What should you do, if anything?

“We continue to strongly recommend and encourage the two-dose vaccination,” for those considered most at risk, Janssen said. She noted that only certain groups of people fall within the recommendations for vaccination, because the risk to the general public remains low. The CDC continues to recommend that anyone exposed to mpox should get vaccinated, as well as certain gay, bisexual or other men who have sex with men.

Despite the geographic location of the new outbreak, Janssen said “there’s not a recommendation for vaccination for travel alone.”

The Los Angeles County Department of Public Health continues to recommend people who should get a vaccine are:

  • Men or or transgender persons who have sex with men or transgender persons.
  • Persons of any gender or sexual orientation who engage in commercial and/or transactional sex.
  • Individuals living with HIV, especially persons with uncontrolled or advanced HIV disease.
  • Persons who had skin-to-skin or intimate contact with someone with suspected or confirmed mpox, including those who have not yet been confirmed by the public health department.

Are vaccines and/or treatment available to prevent mpox?

Yes.

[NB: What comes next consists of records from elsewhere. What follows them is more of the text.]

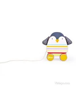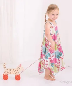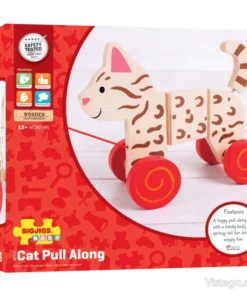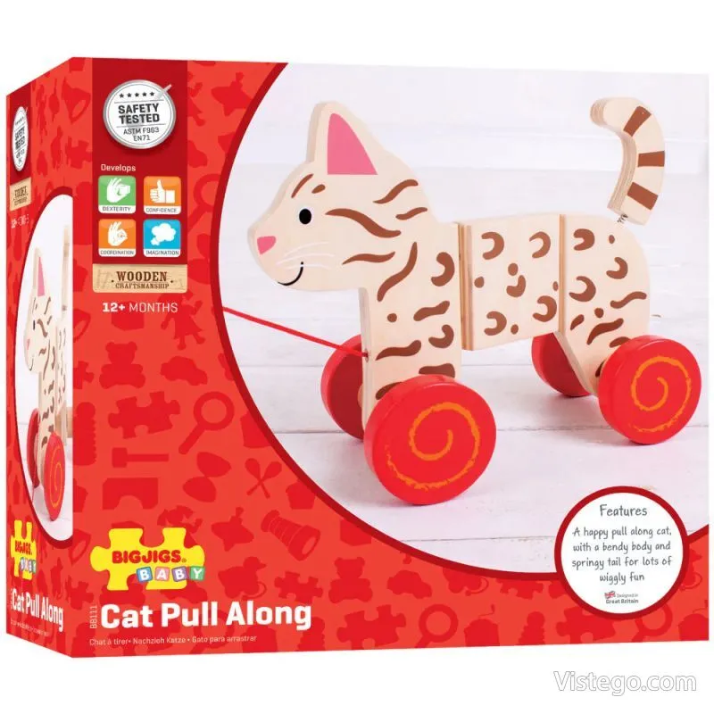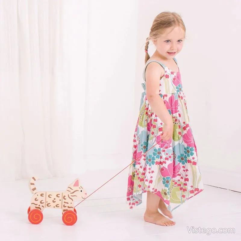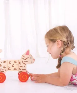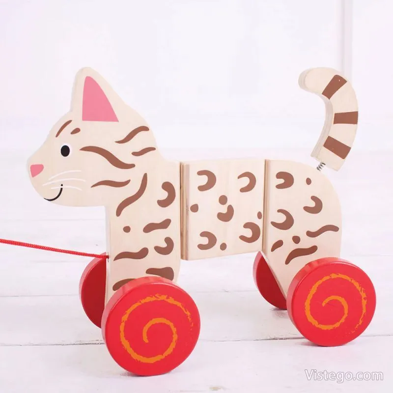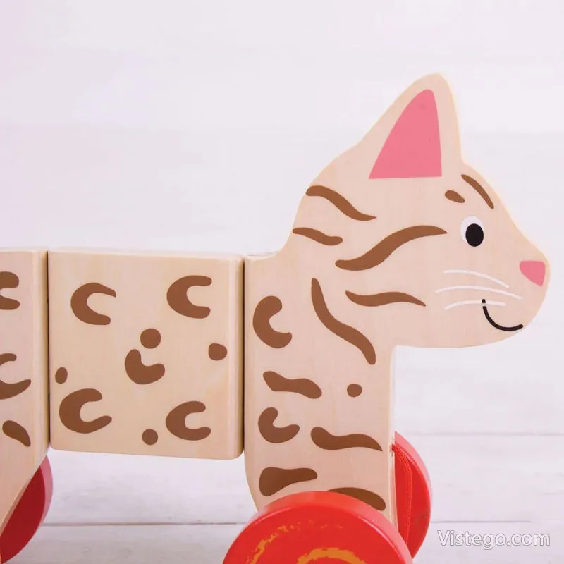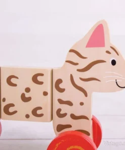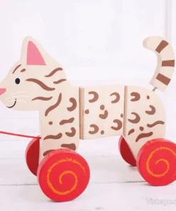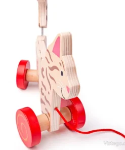 Играчка за дърпане „Коте“ от дърво с гладко търкалящи се колела и пружинираща опашка. Подходяща за активна игра и координация.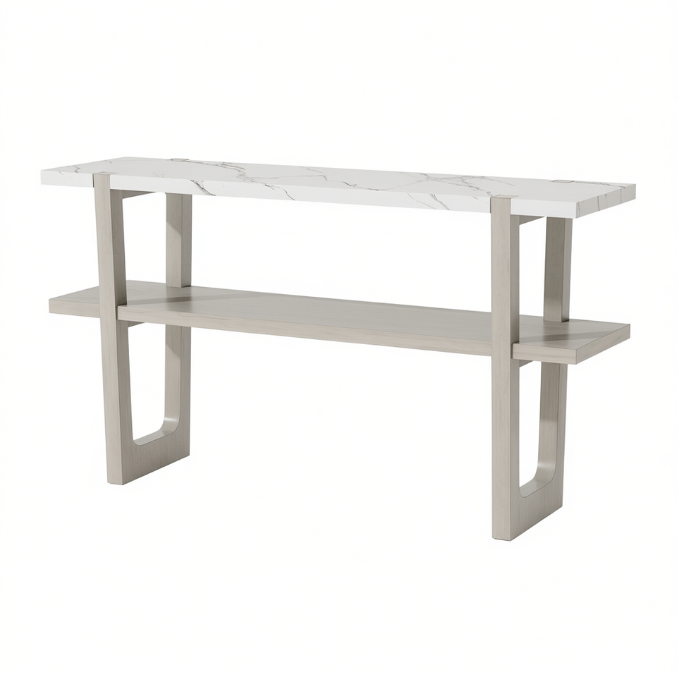 Mesa de Consola con Superficie Efecto Mármol, Almacenamiento para Entrada o Sala de Estar, Mueble Gris Lavado, Madera Maciza MDF
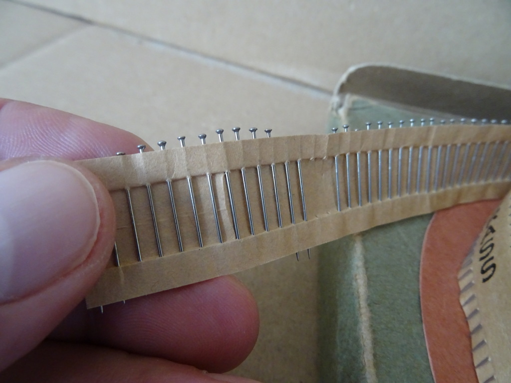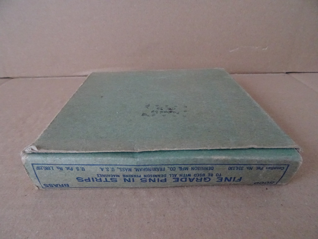 Vintage Dennison pinning machine Fine grade pins in strips to be used with all Dennison pinning machines vervaardigd in de Verenigde Staten rond 1960. Nieuw in de originele kartonnen verpakking. Er missen slechts enkele spijkertjes (circa 0,1 cm dik) aan het begin van de rol.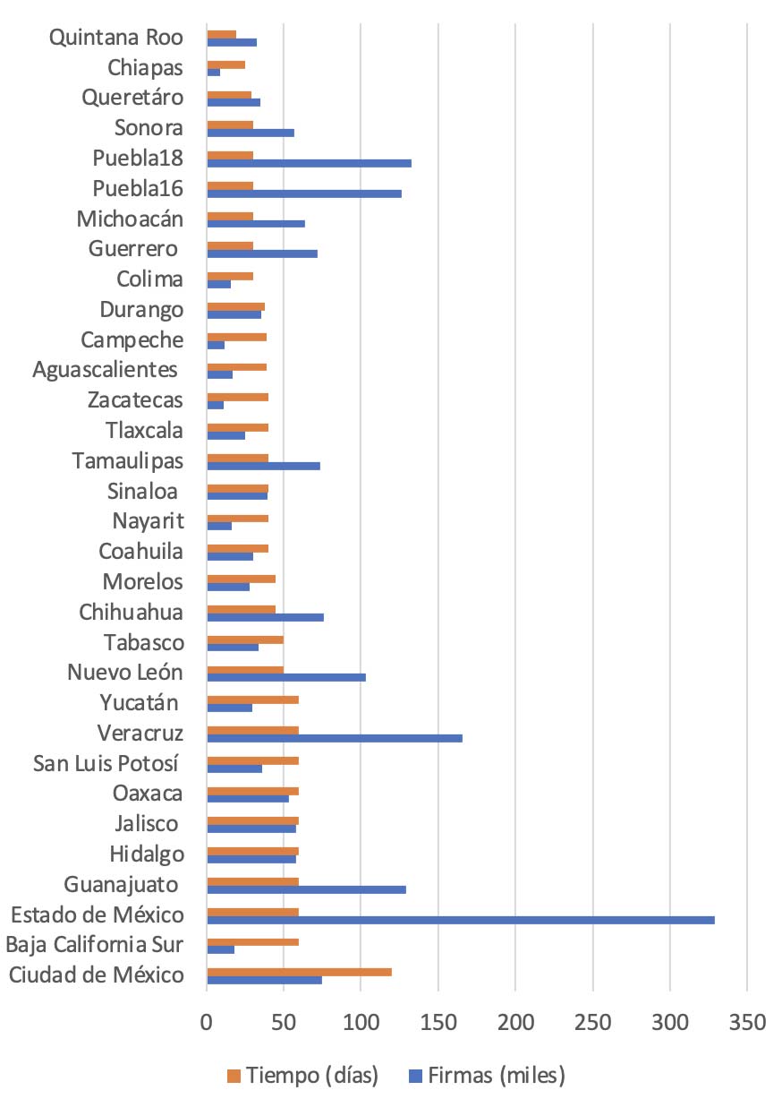 A partir de la media y desviación estándar de las firmas por día se clasificaron los niveles de restricción de las entidades federativas. El valor de la media se ubicó en 1465.97 firmas y la desviación estándar fue de 1311.02. Los estados por debajo de la media con menos de 1465 firmas serán considerados con un nivel de restricción bajo; los ubicados entre la media y hasta una desviación estándar (entre 1465 y 2777) tendrán una restricción media, y aquellos que rebasen la media más una desviación estándar (mayor a 2777 firmas) tendrán niveles altos de restricción.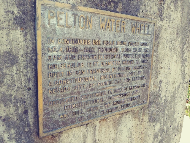 The Pelton wheel was invented by Lester Pelton not far from here in the 1870's and patented in 1880. Due to its high efficiency Pelton's design quickly replaced earlier lower efficiency water driven turbine designs and then steam engines that powered lifts in the local hard rock gold mines. At its design speed a Pelton wheel would extract neatly all of the energy from a focused steam of high pressure water. Originally manufactured at the local Miner's Foundry here in Nevada City, CA, production moved to San Francisco as demand increased.

The good news is there are plenty of doses of the Jynneos vaccine, which is used to prevent both mpox and smallpox.

CDC officials have said that “the medical countermeasures that have been effective for Clade II mpox are expected to also be effective for Clade I mpox,” Janssen said. “That includes Jynneos, the vaccine that’s been recommended … as well as other treatments.”

At this time the mpox vaccine is free throughout the U.S. and in California. Los Angeles County’s Department of Public Health is providing the JYNNEOS 2-dose vaccine. The county has an online list of vaccination sites where the mpox vaccine is being offered.

If I was vaccinated two years ago, should I get a booster?

Booster shots are not currently recommended.

“People who have completed the series, there’s no need to get additional doses,” Janssen said. “And people who have been previously infected — no need to get vaccinated.”